Если же пытаться прогнозировать будущее (что всегда опасно особенно в среднесрочной перспективе), то следует иметь в виду, что и сами СМИ в нынешнем своем виде едва ли сохранятся в будущем в условиях уже произошедшей и происходящей на наших глазах информационной революции (замечу, что революция как социальное явление — это всегда «плохо», чего не признавал русский язык еще до начала XXIвека, а революция научная и/или техническая — это всегда «хорошо» и в современном русском языке). Представляется, что наше информационное будущее — это более или менее подвижное множество (десятки-сотни членов) сетей со своими умелыми менеджерами и авторитетными блогерами, ориентированными на определенную аудиторию, относительно стабильную в основе и постоянно меняющуюся за счет обширной периферии. Именно в пределах таких сетей и будут происходить языковые изменения, как чисто вкусовые, так и выражающиеся в пополнении словаря, изменениях значений слов, расширении действия ограниченных правил на аналогичные объекты (например, перенос места ударения или объектное глагольное управление). Все это, если моя общая гипотеза о СМИ верна, очень опасно для единства русского языка, каковое представляет собой одну из важнейших общественных скреп.

Разнообразные территориальные (sic!) различия внутри русского языка преодолевались в XIX веке и первой половине XX века благодаря энергичной, поддерживаемой властями деятельности авторитетных лингвистических обществ и организаций. Школа и СМИ, будучи только государственными, были важным звеном этой работы. И в том будущем, каким оно мне представляется, я не вижу той центростремительной силы, которая бы противостояла опасным для единства языка центробежным тенденциям. Тем более трудно предполагать, что, пользуясь языком как полем достаточно широкой свободы, какая-нибудь из информационных сетей будет согласна признать авторитет любого конкурента. Могу предполагать, что «социальные разновидности» русского языка будут в этой ситуации только обособляться, но не приспосабливаться друг к другу.

Есть ли, на ваш взгляд, прямая зависимость между умением ясно мыслить и ясно излагать? И если такого сопряжения нет, то как может быть выражена ясность мысли, как публика о ней узнает? И насколько различаются эти две ясности как логические системы?
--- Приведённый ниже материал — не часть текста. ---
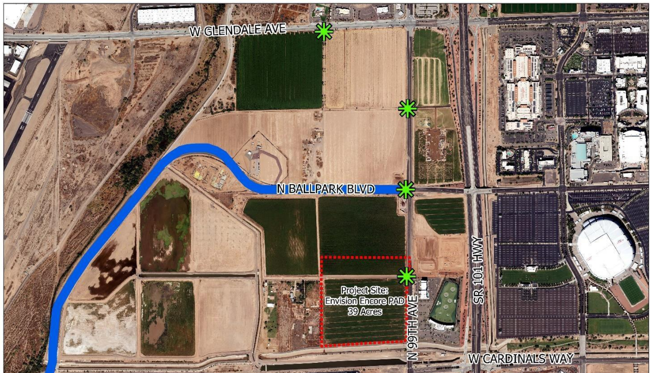
Conceptual Main Access Points
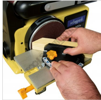
Shown Disc Sanding At 45° with Mitre Guide
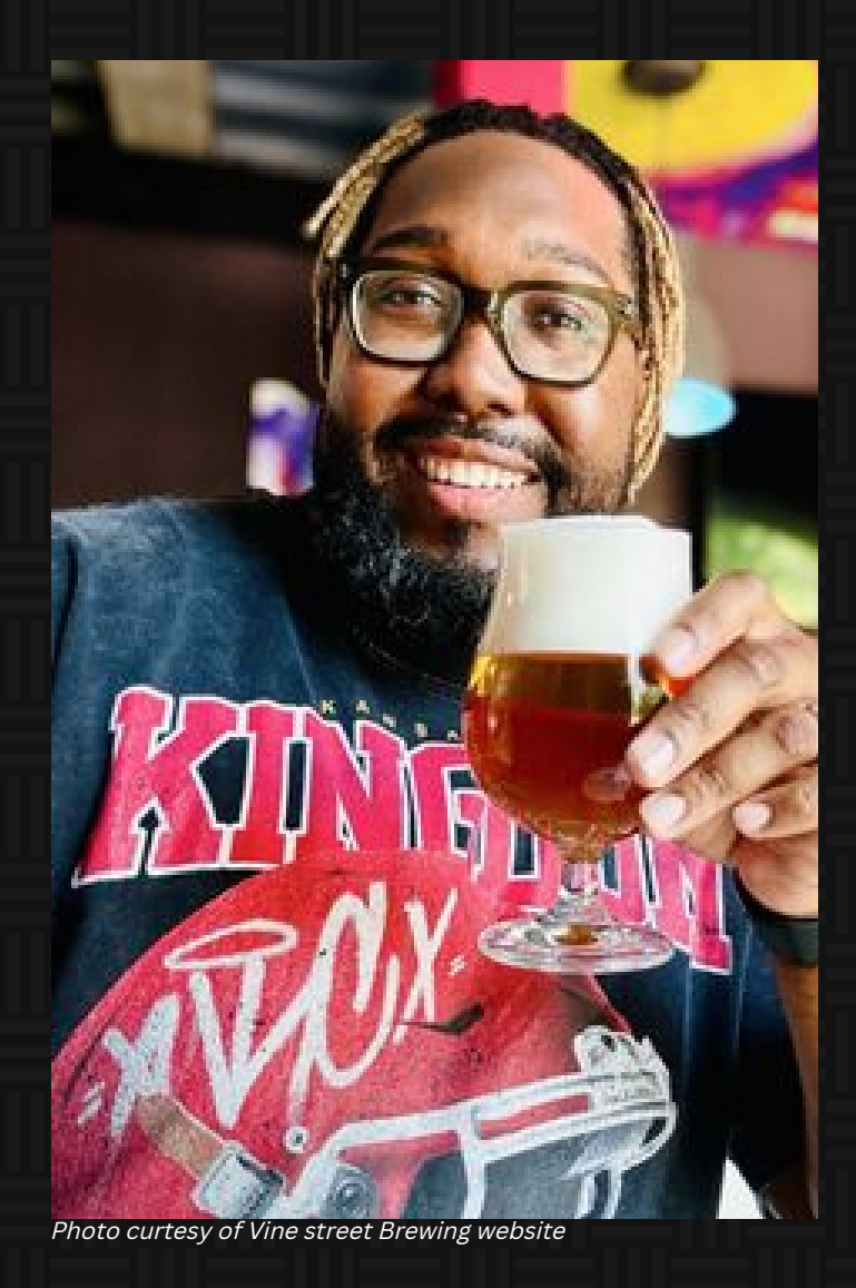
Kansas City G.I.F.T. is proud to support their journey and help them thrive!

Expanding production Creating jobs Driving revenue growth Bringing representation to craft beer
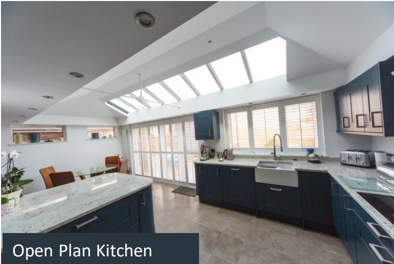
Open Plan Kitchen
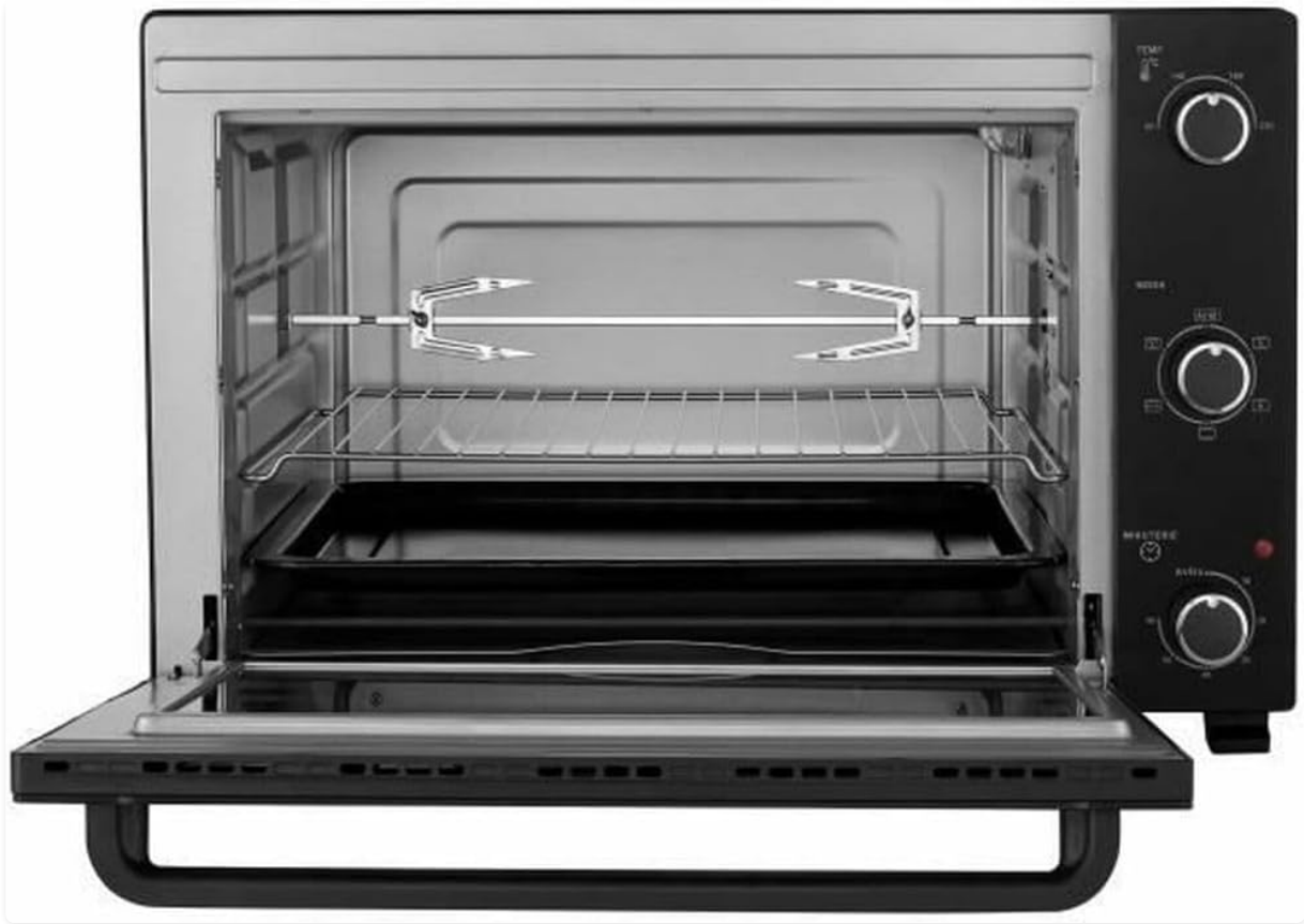
Figure 4.1: Oven Interior with Accessories.
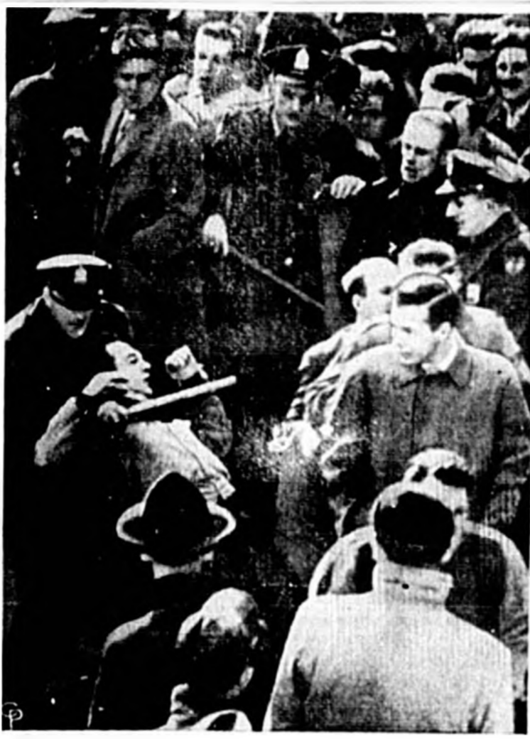
WHILE TRYING TO BREAK INTO a picket line blocking the entrance to a Philadelphia telephone exchange, one of the striking C.I.O. Communications Workers is collared by a policeman. Other officers ring around, holding back the crowds and keeping a lane open for non-striking operators trying to get to their jobs.
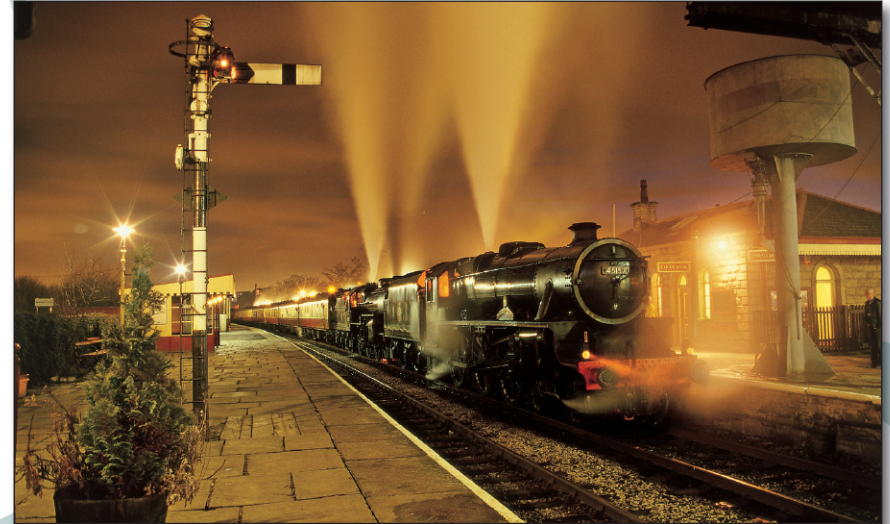
Once the Bury-bound train had departed it was over the footbridge to capture the double-header with both locomotives having plenty of steam to spare.
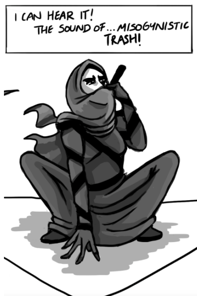
Figure 7. Mohammed, D. (2013). Qahera the Superhero , Egypt, Tumblr, June 30 th , 2013. © D. Mohammed.

misconceptions of the veil and Muslim women's representation but also potentially a learning space for them. For Muslim audiences in the west, it can function more as a space for solidarity. And for Egyptian audiences, it can function as a space for both familiarity and solidarity for specific political themes such as the refugee crisis in 2015.
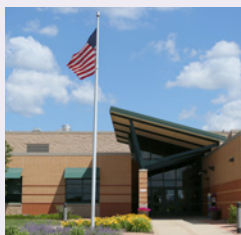
Summit Elementary Grades 4K-4th 1680 Valley Rd. Oconomowoc, WI 53066 262-560-8300
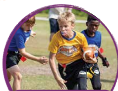
Flag Football & Cheerleading
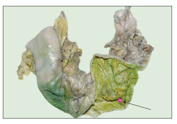
Fig.-3: Showing location of major duodenal papilla in the posteromedial wall in the junction between second and third part of the duodenum marked by arrow
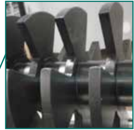
NEXWING® grinding disks
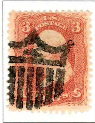
SHIELD WATERBURY, CT ROHLOFF Q-3
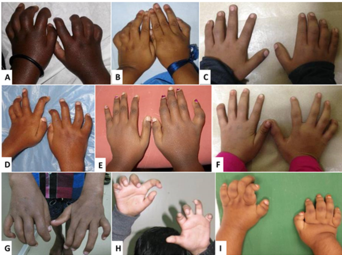
Figure 1. Hands of different children with MONA showing joint contractures and swelling of the digits at age 4 years (A), 5 years (B), 7 years (C,D), 9 years (E), 10 years (F), 13 years (G,H), and 15 years (I).
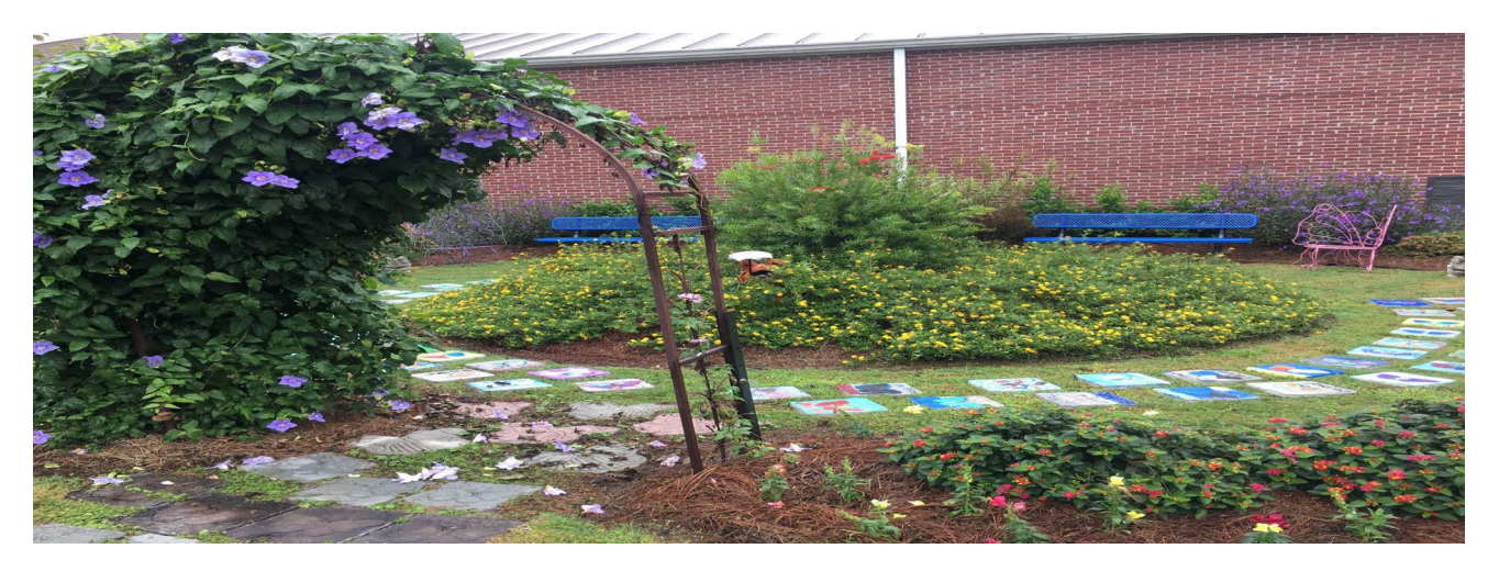
Altamaha Elementary School

Для ясного изложения ясность мысли условие необходимое, но, увы, недостаточное. Надо еще уметь облечь мысль в слова «так, чтобы это было одно и то же» (Давид Самойлов). Умение найти слова, адекватные мыслительным представлениям, возможность соединить эти слова таким образом, чтобы это соответствовало и структуре мысли, и правилам языка — вот что составляет основу «перевода» мысли в ее изложение. Дело в том, что ни один естественный язык (в отличие от искусственных, например, языков математики и/или программирования) отнюдь не зеркален по отношению к реальности и «мыслям» о ней. И дело не только в «пустых клетках», о которых речь шла раньше, но в том, что слова «членят» действительность по-разному (ср., например, англ. Oil — растительное масло и «нефть», т.е. 1) жидкость и 2) из земли, и butter, т.е. «от животных и относительно твердое» и русское нефть — и масло, которое может быть и растительным, и животным, и машинным). Кроме того, в любом языке есть омонимы, а большая часть слов — многозначны (представьте такую вольность, например, на географической карте, где один и тот же значок предполагает существенно разные объекты в зависимости от того участка Земли, на которой этот значок расположен!). Вспомним армейские шуточки о том, кто является, а кто прибывает, или флотские — о том, кто плавает, а кто ходит, а таких примеров, как связанных с отражением действительности, так и представляющих чисто языковые капризы, великое множество. Часто читатели/слушатели более чувствительны именно к случаям второго рода. Ведущий «Эхо Москвы» как-то заметил, что среди первых откликов на теоретически возможное сообщение о взрыве в Москве, в КислОвском переулке, был бы звонок от слушателя, спешащего сообщить, что надо говорить в КИсловском.

Я не устаю, совершенно безуспешно, твердить, что СОДЕРЖАНИЕ обучения родному языку в случаях чтения и аудирования это извлечение смысла (выраженного в словах и/или знаниях о жизни вообще или о конкретной ситуации общения) и определение субъективных авторских «наслоений» на этот смысл в виде оценки (плюс или минус?) сообщаемого и отношения к собеседнику (официального, фамильярного, ласкового и т.п.). В случае говорения и письма — это сознательный выбор из разнообразных средств, более или менее соответствующих мысли автора (в самом процессе этого выбора происходит и уточнение самой авторской мысли), и средств, соответствующих целевой установке автора в его отношениях и к адресату, и к самой высказываемой мысли. И только после этого — соблюдение чисто языковых требований (капризов?), регламентированных или просто устоявшихся.
Когда мы говорим, что язык — это зеркало действительности, что язык отражает действительность, это верно лишь в том смысле, что зеркало это не очень точное, какие-то его участки выпуклы, а какие-то вогнуты, какие-то места затемнены, а какие-то механически повреждены. Но другого, более точного, безупречного отражения — зеркала — для действительности и коммуникации у нас просто нет! По крайней мере в системе «человек» — «человек».

Как вы определили бы проблемы экологии русской речи? Ваше отношение к допустимой степени диффузии языковых сред, и нужны ли здесь вообще нормативы?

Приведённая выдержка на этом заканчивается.